* [REQUIREMENT]
The full listing, returned exactly and free of pictures, is the expected answer.

(PROVIDED MATERIAL)

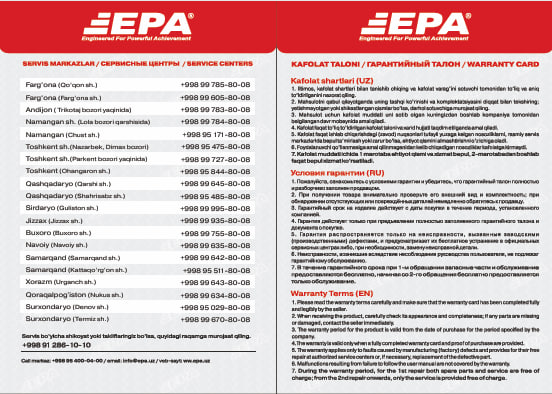 EPA mahsulotlari kafolat bilan ta’minlanadi.
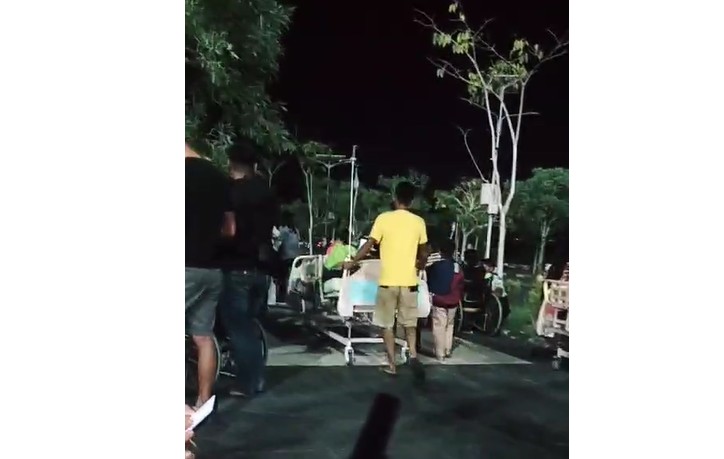 Pasien RSUD Jusuf SK Tarakan meninggalkan ruang rawat inap saat gempa dengan magnitudo 4,8 mengguncang wilayah Tarakan, Kalimantan Utara (Kaltara), Rabu (5/11/2025) pukul 17.37 WIB. (Foto Medsos)
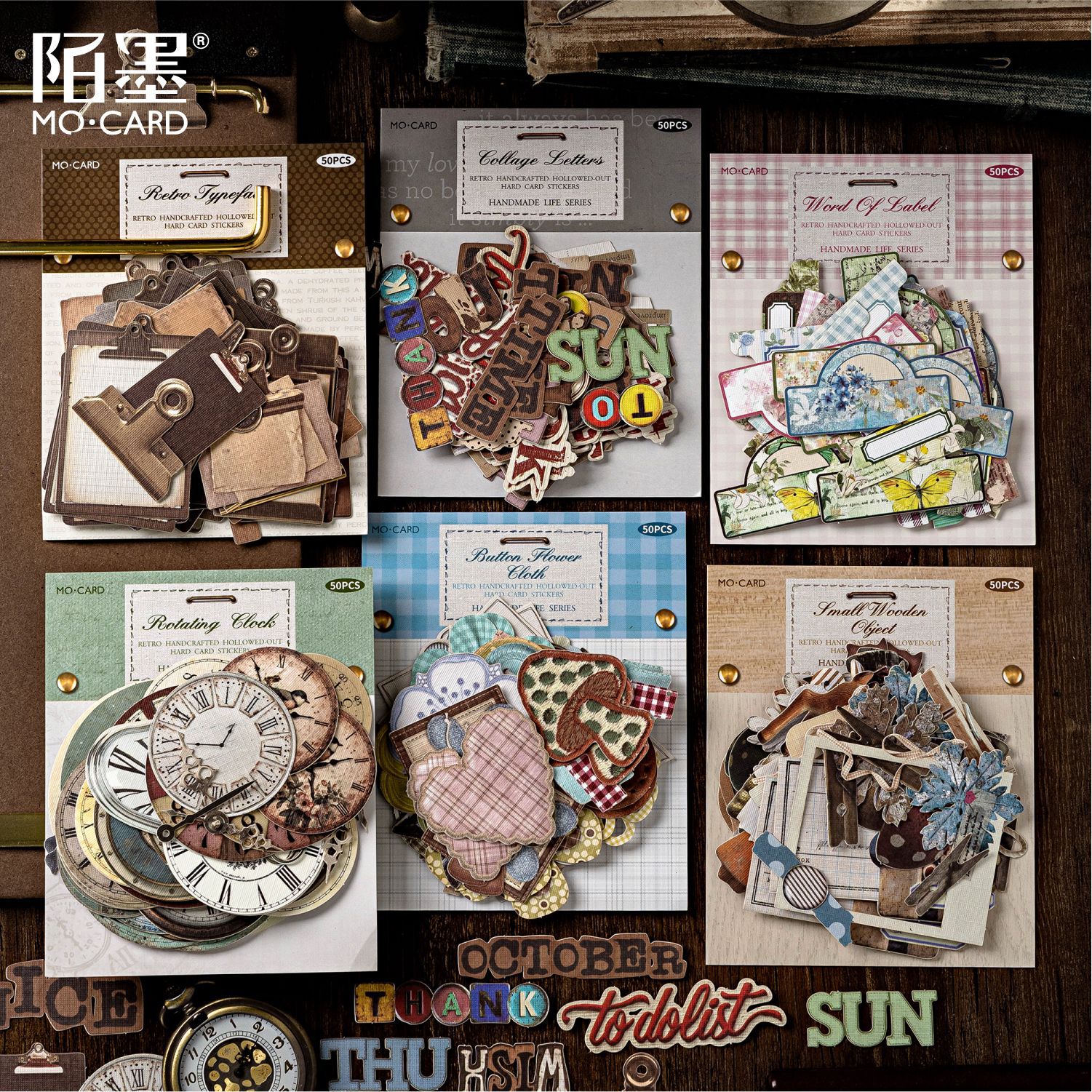 50Pcs/Pack Retro Handicraft Elements Card Paper Stickers

(End PROVIDED MATERIAL)

* [RESULT]
 EPA mahsulotlari kafolat bilan ta’minlanadi.
 Pasien RSUD Jusuf SK Tarakan meninggalkan ruang rawat inap saat gempa dengan magnitudo 4,8 mengguncang wilayah Tarakan, Kalimantan Utara (Kaltara), Rabu (5/11/2025) pukul 17.37 WIB. (Foto Medsos)
 50Pcs/Pack Retro Handicraft Elements Card Paper Stickers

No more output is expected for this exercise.